Dataset excerpts ▸

-=-=-=-=-

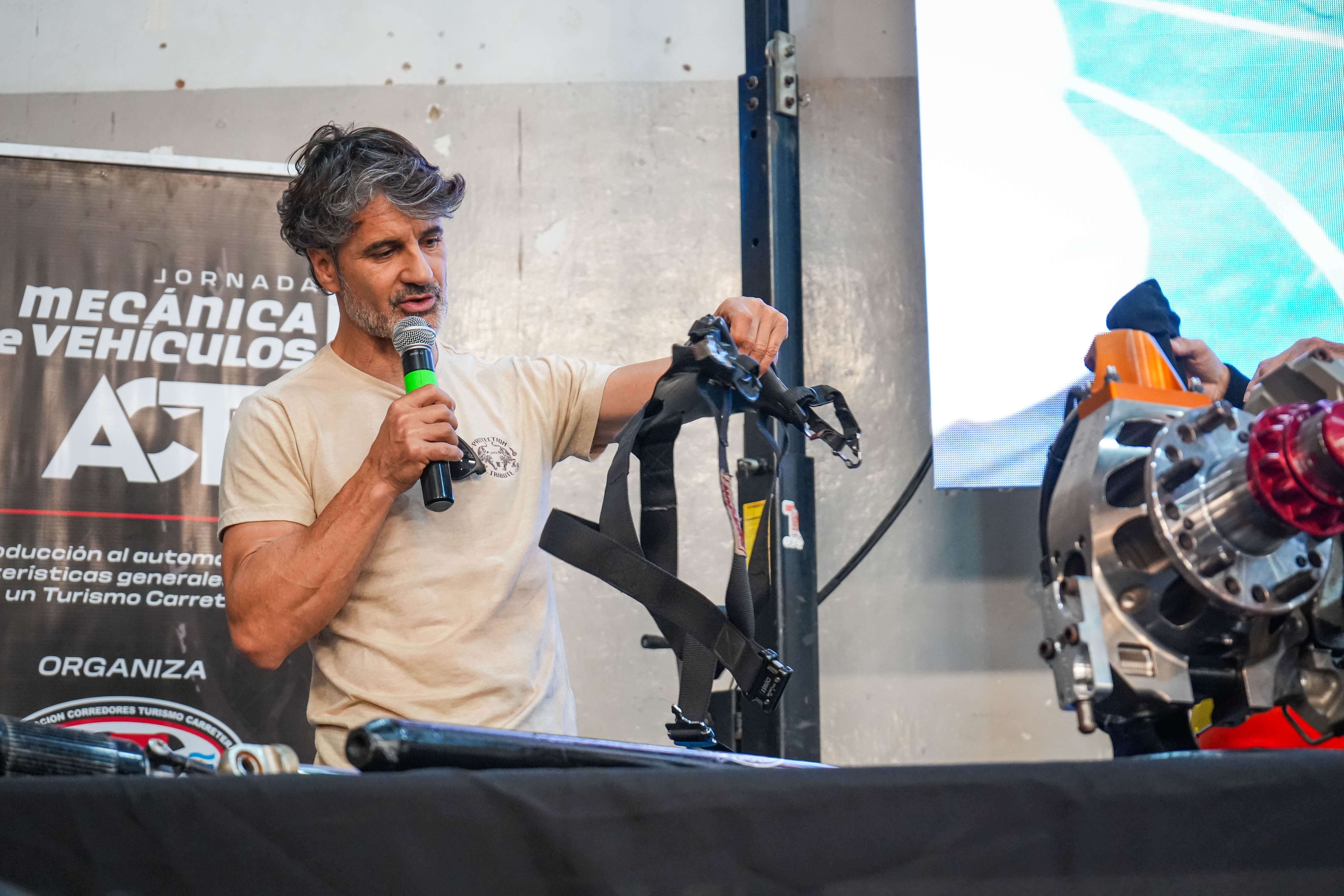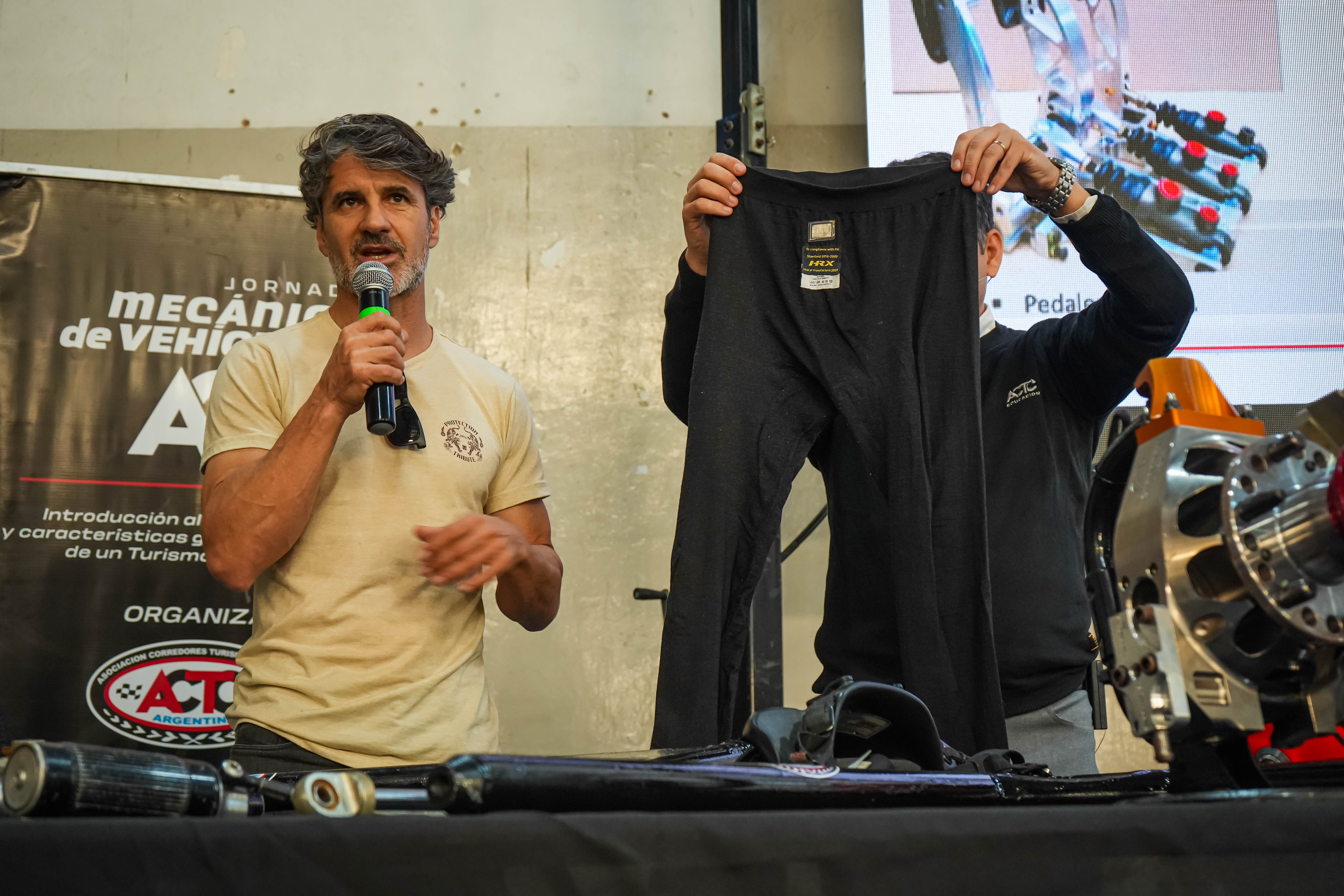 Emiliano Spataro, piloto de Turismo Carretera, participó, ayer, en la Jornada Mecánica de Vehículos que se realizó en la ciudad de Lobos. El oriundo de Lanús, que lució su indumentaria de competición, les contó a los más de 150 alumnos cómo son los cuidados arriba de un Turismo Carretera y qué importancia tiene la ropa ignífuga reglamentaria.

-=-=-=-=-

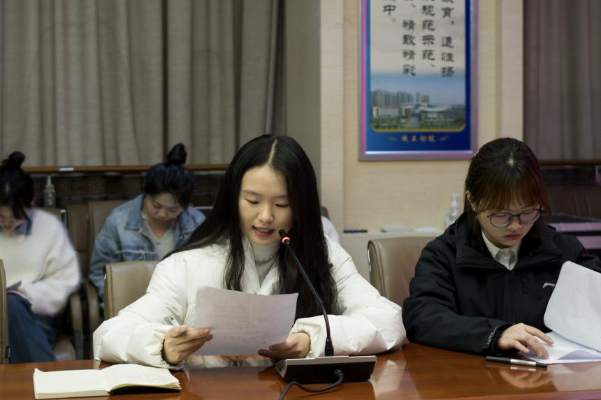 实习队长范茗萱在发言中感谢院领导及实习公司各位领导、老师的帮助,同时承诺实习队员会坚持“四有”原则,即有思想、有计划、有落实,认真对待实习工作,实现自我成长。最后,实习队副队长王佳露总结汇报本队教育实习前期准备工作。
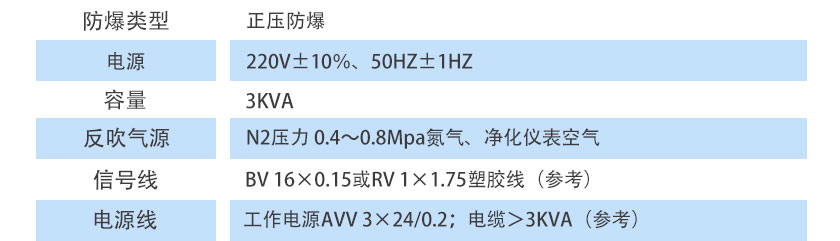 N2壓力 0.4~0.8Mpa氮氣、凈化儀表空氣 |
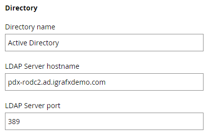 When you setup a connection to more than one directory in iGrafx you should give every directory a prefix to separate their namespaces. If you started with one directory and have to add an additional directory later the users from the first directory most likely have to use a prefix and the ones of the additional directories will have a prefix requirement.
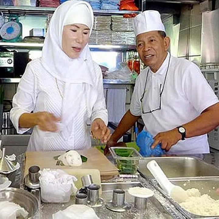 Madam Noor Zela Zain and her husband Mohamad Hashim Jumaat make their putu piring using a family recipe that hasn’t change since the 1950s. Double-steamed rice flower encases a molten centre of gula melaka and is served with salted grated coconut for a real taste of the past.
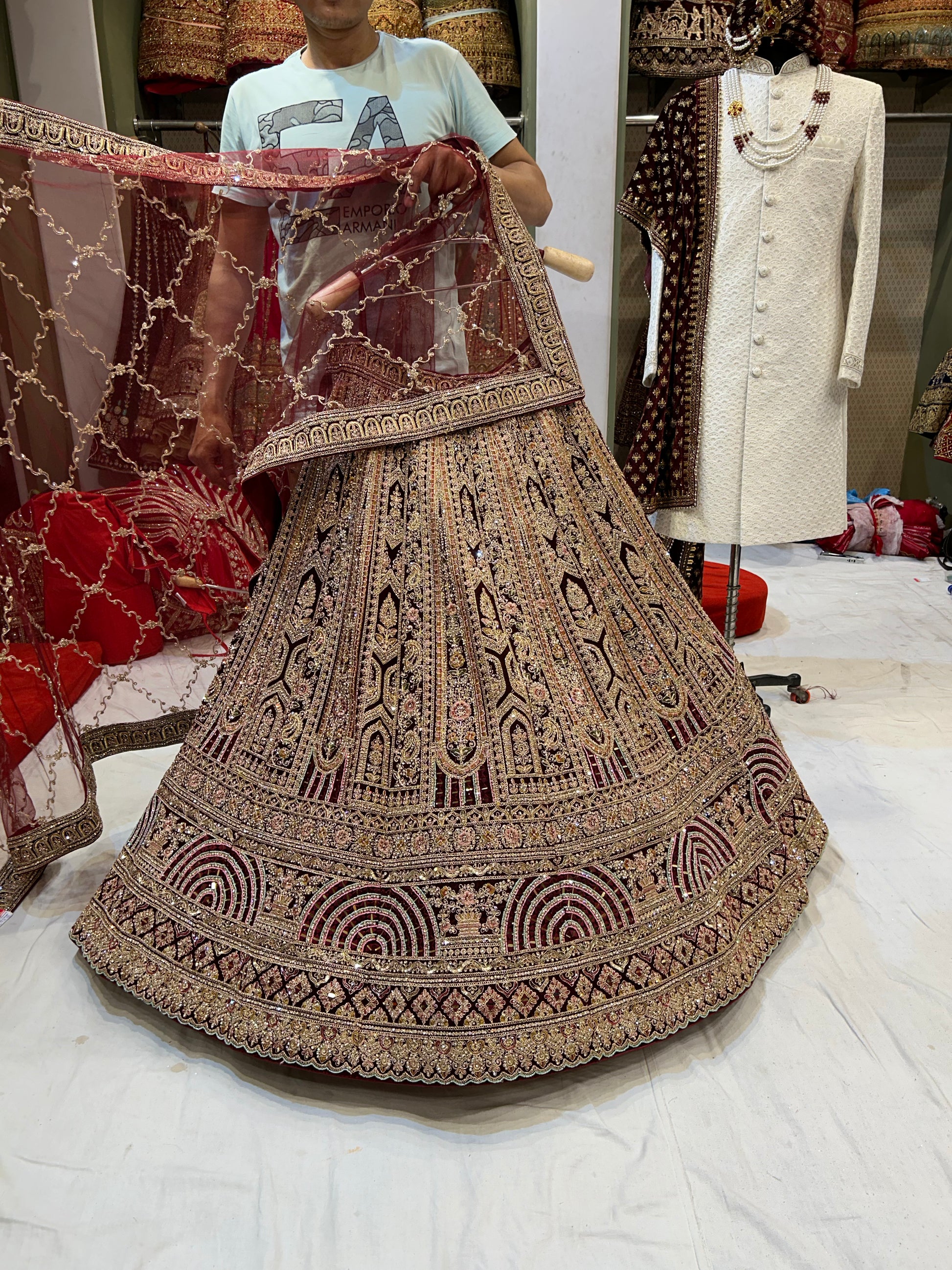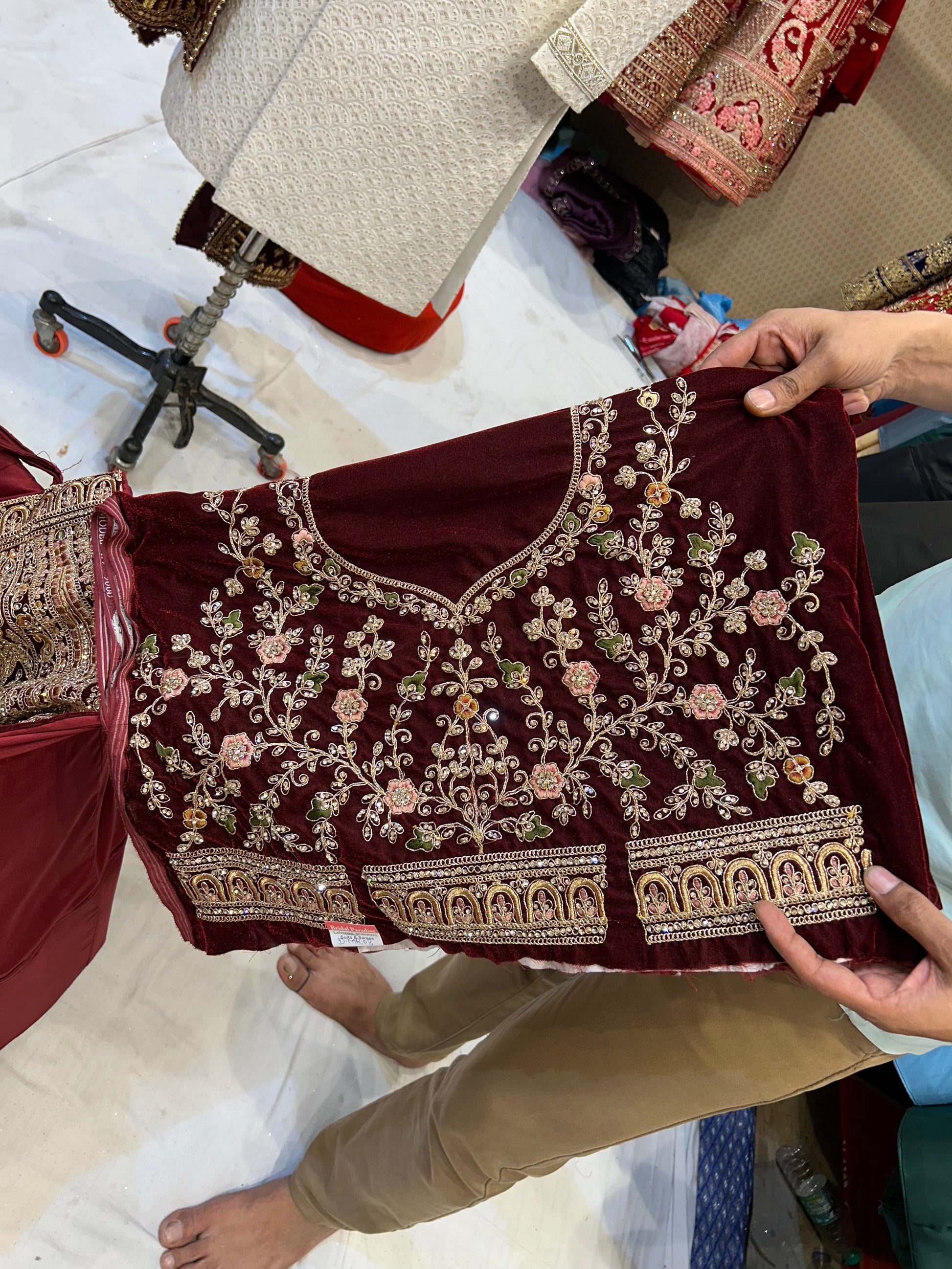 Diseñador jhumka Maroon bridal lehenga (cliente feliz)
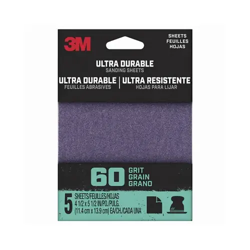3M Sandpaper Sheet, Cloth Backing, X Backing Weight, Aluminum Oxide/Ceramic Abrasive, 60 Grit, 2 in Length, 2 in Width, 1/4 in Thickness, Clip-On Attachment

-=-=-=-=-

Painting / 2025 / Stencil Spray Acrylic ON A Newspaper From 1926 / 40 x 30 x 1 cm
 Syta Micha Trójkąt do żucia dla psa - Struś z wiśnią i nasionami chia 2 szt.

-=-=-=-=-

Task details ▸ Begin with the line above that has "Painting / 2025" and continue through the line that has "Syta Micha Trójkąt", setting each one down exactly. Stop there.

Response ▸
Painting / 2025 / Stencil Spray Acrylic ON A Newspaper From 1926 / 40 x 30 x 1 cm
 Syta Micha Trójkąt do żucia dla psa - Struś z wiśnią i nasionami chia 2 szt.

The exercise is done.